La genesi di questo tipo di challenge
Blu Whale
Uno dei primi fenomeni di questo genere si è verificato in Russia con la challenge Blue Whale, a cui vennero ricollegati decine di suicidi. Il macabro gioco consisteva in 50 giorni di prove, incentrate sull’autolesionismo, che culminano nel suicidio del giocatore coinvolto.
L’ondata della challenge presto si è sparsa anche al di fuori dei confini della Russia, raggiungendo Europa e Stati Uniti. Tuttavia la Blue Whale non è di certo l’unica sfida di questo genere.
Momo Challenge
L’anno scorso iniziò a circolare una nuova immagine che raffigurava il volto inquietante di una ragazza con occhi sporgenti, capelli unti e vestiti stracciati. Il nome di questo personaggio è Momo. Un’entità che solitamente prende di mira i più giovani, chiedendo loro di contattare un numero Whatsapp. Da questo numero, poi, si ricevono istruzioni per completare una serie di compiti bizzarri e pericolosi. Come ad esempio non dormire, farsi del male, fino ad arrivare al suicidio. In questo caso chi ci sia dietro i numeri Whatsapp non è del tutto chiaro.

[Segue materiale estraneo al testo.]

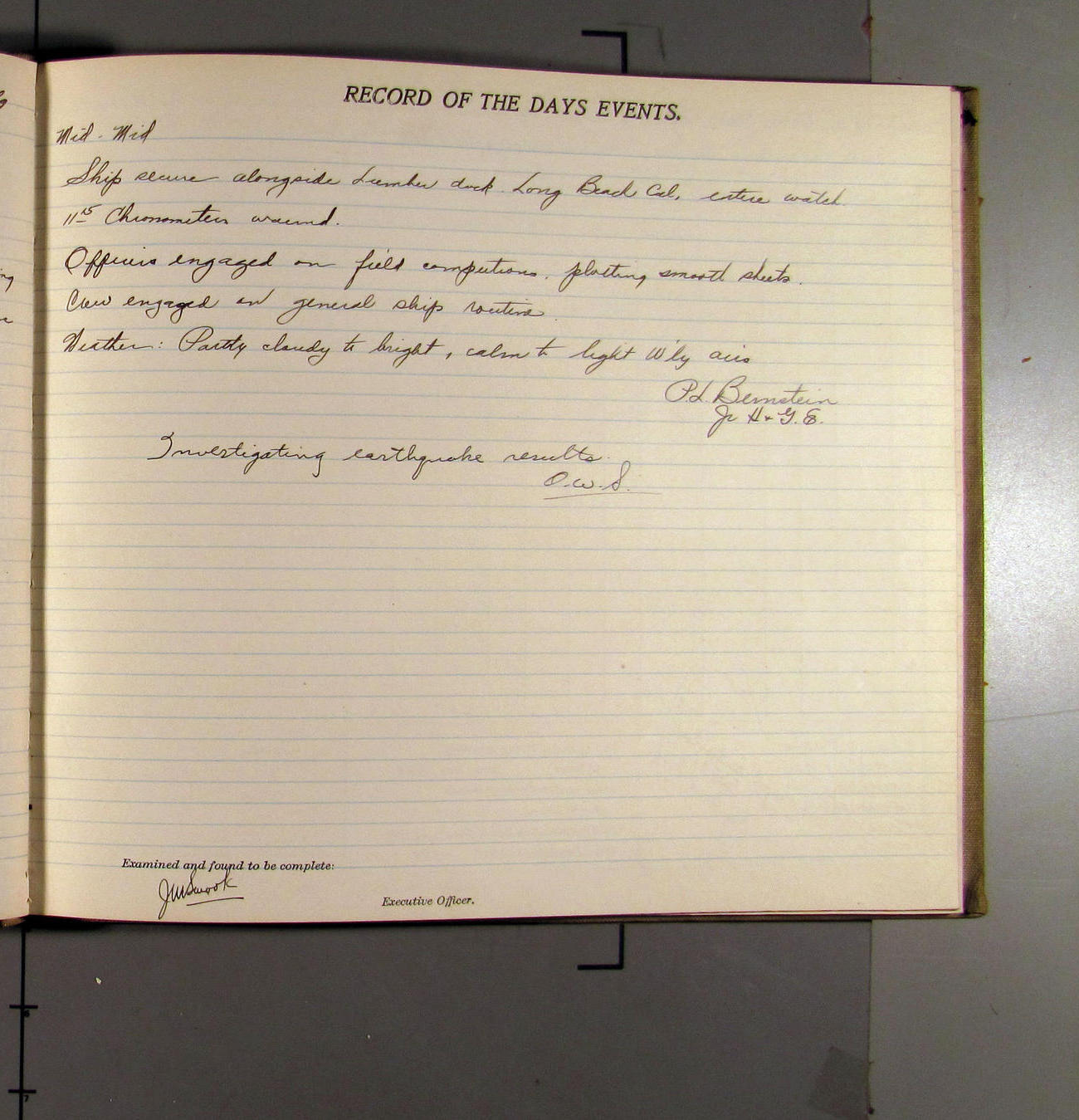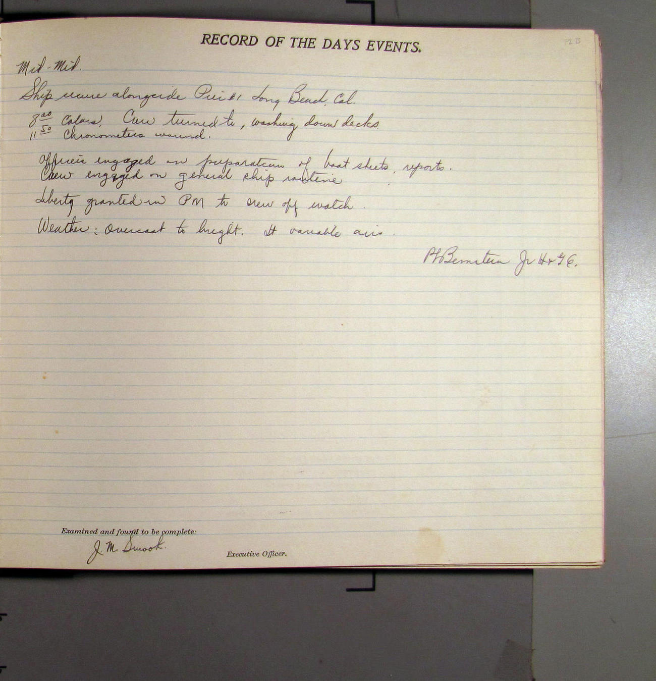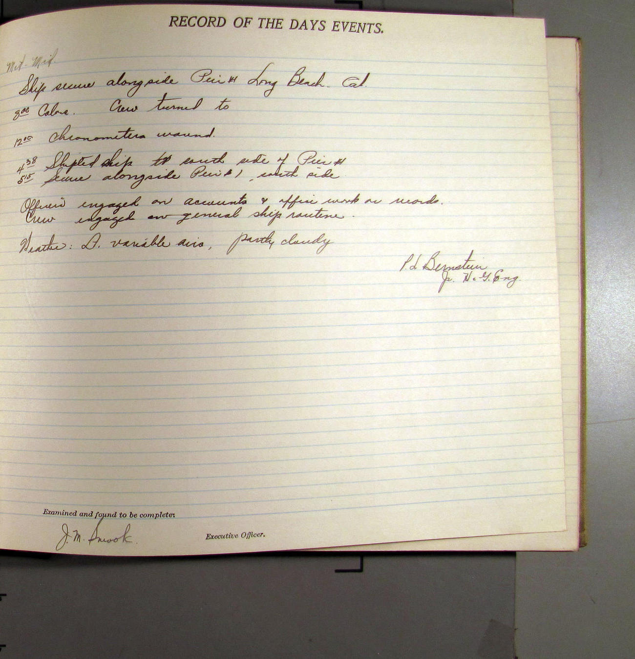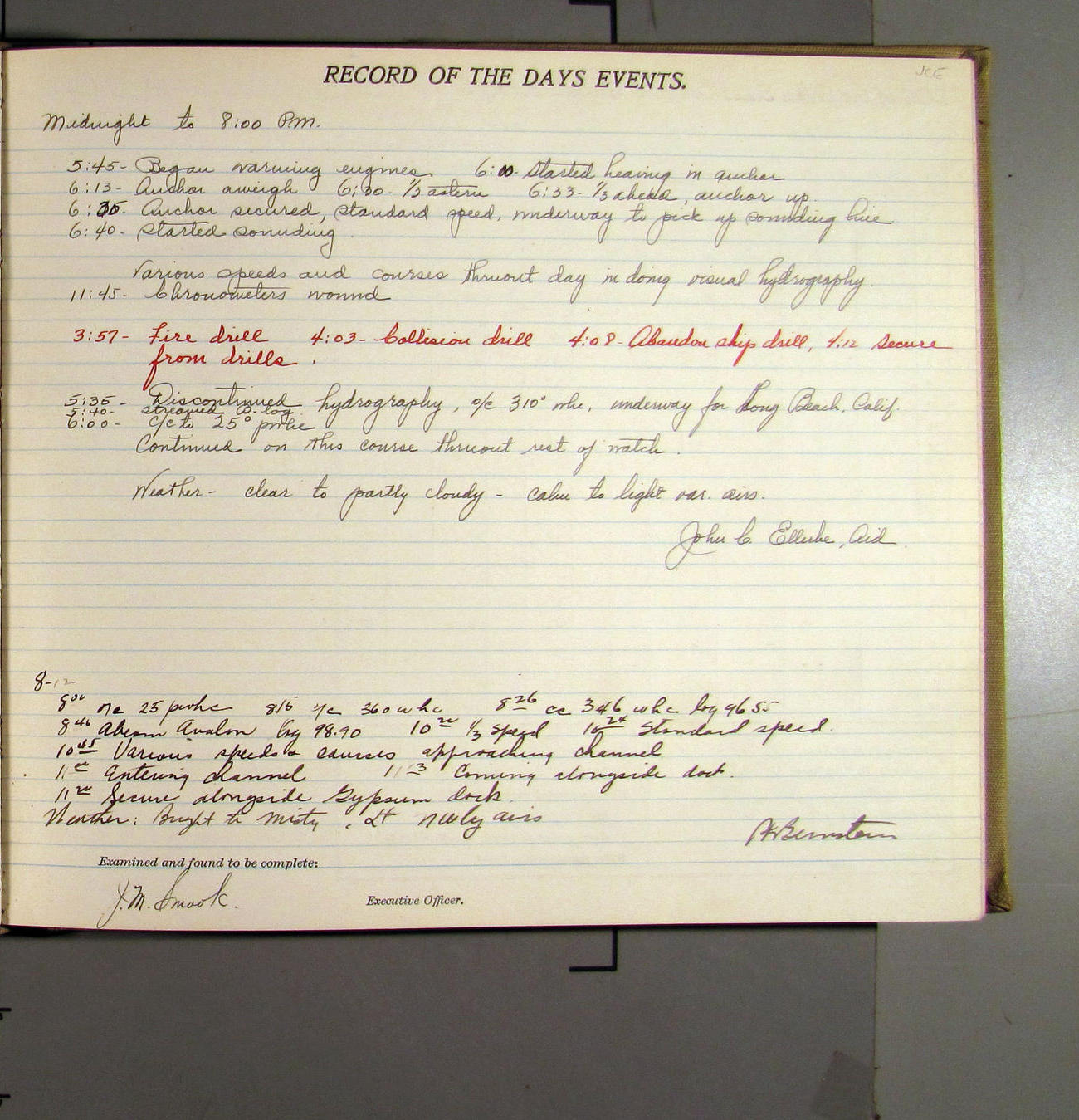 7:55 [AM] Secure alongside Standard Gypsum Co. Wharf, Long Beach, California.
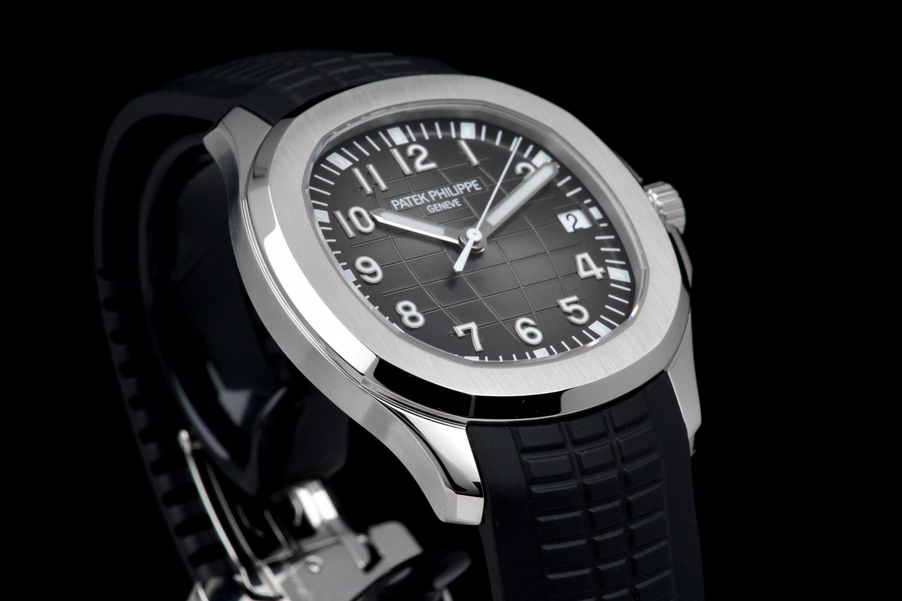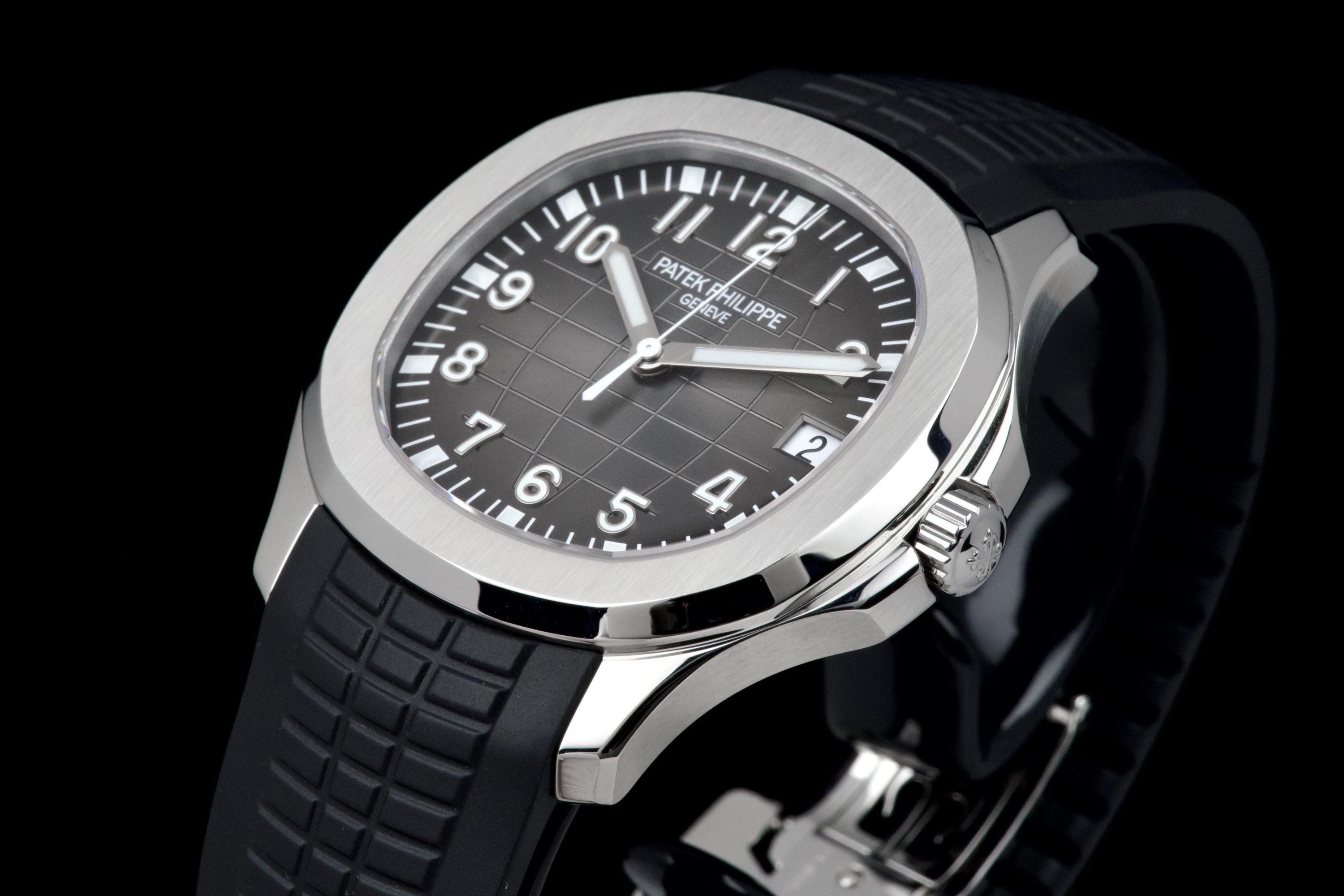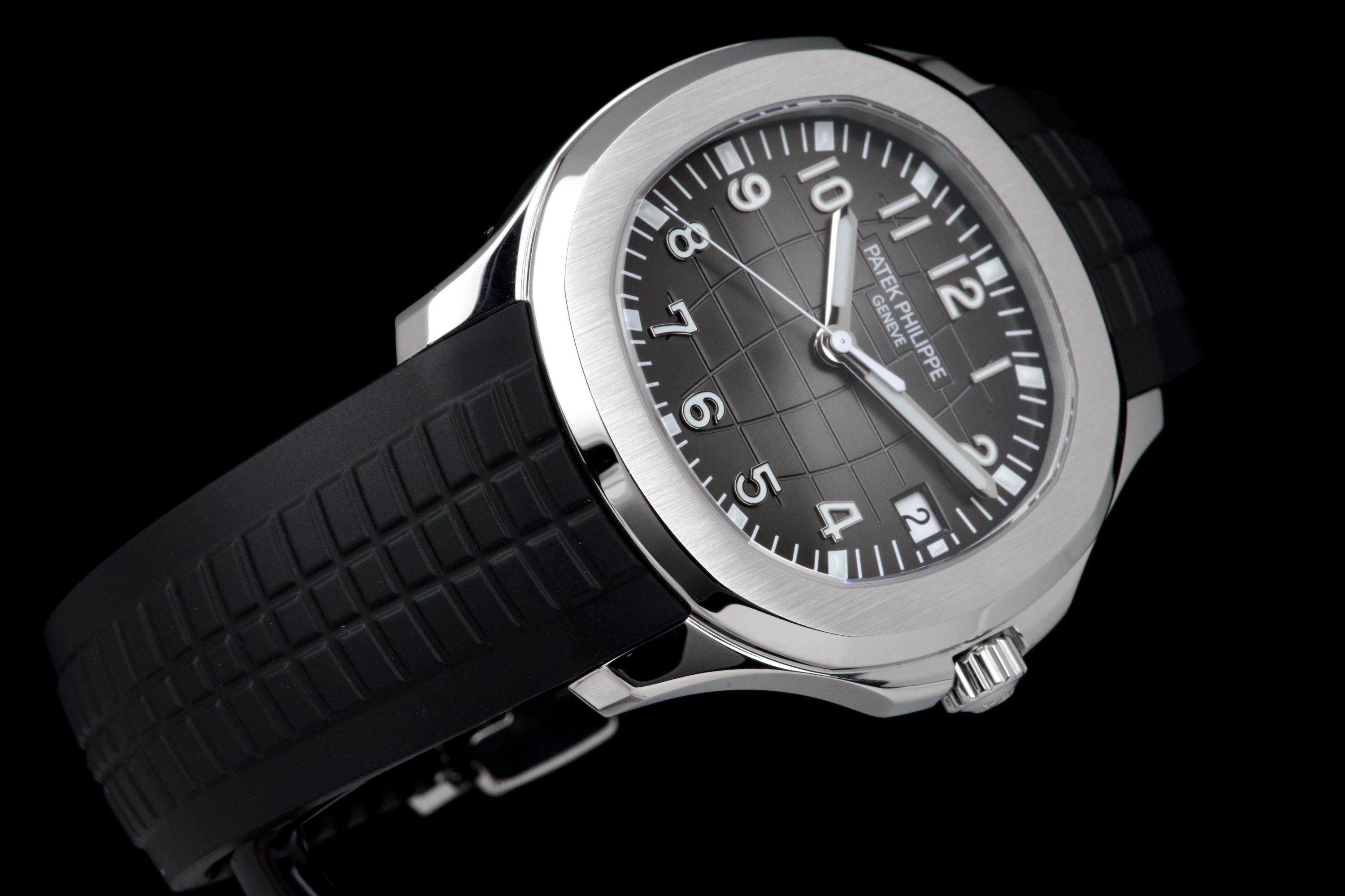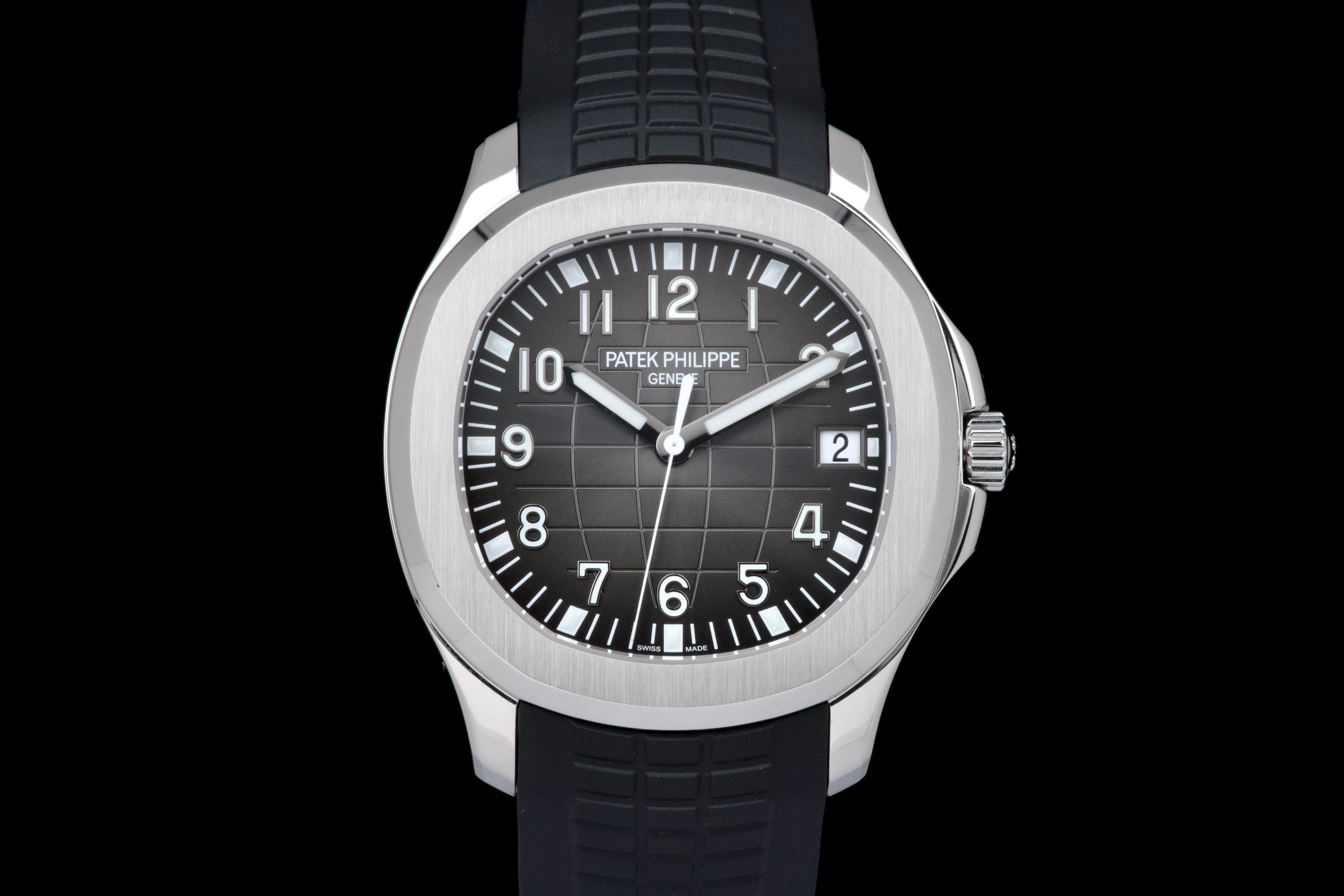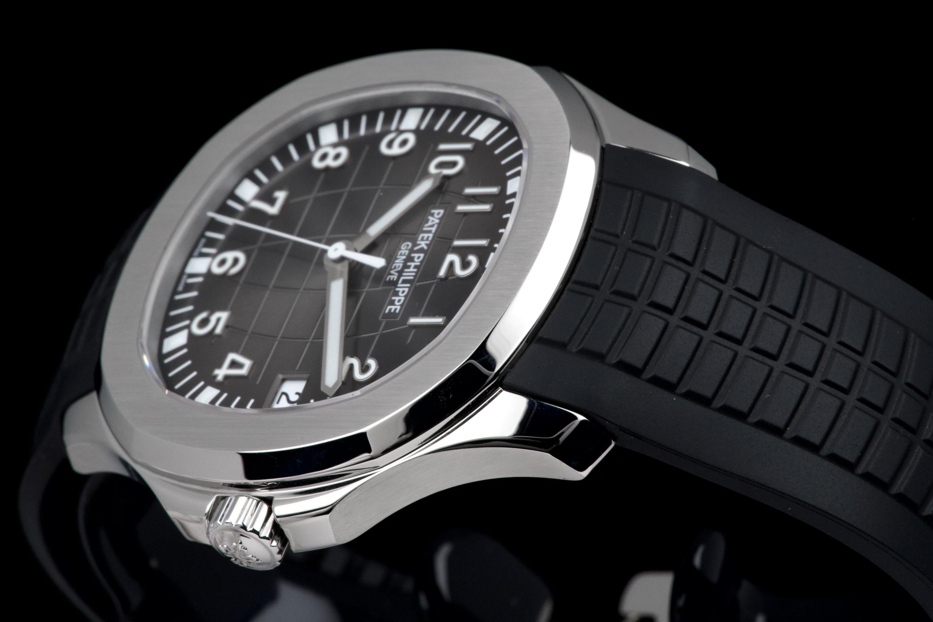 The Patek Philippe Aquanaut reference 5167A-001, one of the brand’s most iconic and sought-after contemporary sport models, is offered here as a complete full set dating to 2026 and presented in unworn condition. The watch features a 40.8 mm stainless steel case with a slim and well-balanced profile, combining sporty character with refined elegance. Its rounded octagonal bezel and alternating polished and satin-brushed finishes create the distinctive aesthetic that defines the Aquanaut collection. It is fitted with the signature black embossed dial with “grenade” pattern, adding depth and texture while maintaining excellent legibility, complemented by applied Arabic numerals and luminescent hands, as well as a date display at 3 o’clock. Powered by the in-house automatic calibre 26-330 SC, the watch delivers reliable and precise performance in line with Patek Philippe’s exacting standards. It is presented on its original black composite “Tropical” strap, offering exceptional comfort and durability. Preserved in like-new, unworn condition, this Aquanaut is offered with its full original set including box, warranty papers, and accessories, representing an outstanding opportunity to acquire a highly desirable modern Patek Philippe in pristine condition.

E’ possibile invece ricostruire le origini della foto di Momo: appartiene a una scultura che Keisuke Aisawa ha prodotto per Link Factory, una casa di produzione Giapponese che si occupa di effetti speciali per il cinema.
Jonathan Galindo Challenge
Dopo che anche la maschera di Momo è diventata obsoleta, ultimamente è nata una nuova challenge, anch’essa collegata a un volto spaventoso: la Jonathan Galindo Challenge. Jonathan Galindo è un fenomeno molto conosciuto negli Stati Uniti. Ruota attorno all’immagine inquietante di un ragazzo sfigurato che sembra indossare una maschera con le fattezze del personaggio Disney Pippo. Dagli stati Uniti è poi sbarcatoin Europa. Come per Momo, non esiste nessun vero Jonathan Galindo intenzionato a far del male agli adolescenti. Si tratterebbe invece, sia in America che in Europa, di una serie di falsi profili creati con lo scopo di adescare giovani e giovanissimi per sottoporli a una challenge non troppo diversa dalle altre di questo genere che l’hanno preceduta. Infatti, il meccanismo è simile a quello già sperimentato: se accetti la richiesta di amicizia da profili fake con la macabra foto ormai tragicamente nota, ti viene inviato tramite messaggistica un link che ti propone di entrare in un gioco nel quale vengono stabilite determinate sfide e prove di coraggio, fino ad arrivare all’autolesionismo, o peggio, alla morte.
Le challenge pericolose in Italia
Il caso più noto, legato alla Blue Whale, vede come protagonista una ragazza 23enne, attualmente sotto processo. il messaggio incriminante mandato da lei che si spacciava come una delle curatrici della Blue Whale Challenge diceva:“Se sei pronta a diventare una balena inciditi ‘yes’ sulla gamba, se non lo sei tagliati molte volte per autopunirti”. La vittima era una giovane di 12 anni, adescata tramite il web. E proprio grazie a quel messaggio è stato possibile incriminare la 23enne con l’accusa di atti persecutori, cioè stalking, e violenza privata, aggravata dal fatto di aver costretto, con un complice che ora ha 16 anni, una alunna di scuola media a infliggersi tagli sul corpo e ad inviarle le foto, come step iniziale delle 50 prove di coraggio.
La situazione attuale
Ad oggi, questo appena citato sembrava essere il primo e unico caso accertato di Blue Whale in Italia. Agli inquirenti toccherà stabilire se la recente scomparsa del ragazzo di 11 anni che, a Napoli, si è lanciato dal decimo piano, possa essere riconducibile a una di queste challenge online, e quindi avviare le indagini per scoprire chi si cela dietro un falso profilo.
Noi ci auguriamo che, a prescindere dal fatto che il suicido del ragazzino napoletano sia riconducibile o meno ad una specifica challenge, gli organi preposti possano attivarsi per scovare i profili fake di questo tipo e perseguire coloro che stanno dietro a queste logiche perverse. E’ necessario un intervento tempestivo anche per evitare il frequente effetto imitativo che producono le cattive azioni. E il web purtroppo da terreno fertile a tutti gli psicopatici malintenzionati.
Quindi stiamo allerta ragazzi, e vigiliamo sull’utilizzo che fanno del web soprattutto ragazzini e adolescenti, le vittime preferite di questi squilibrati.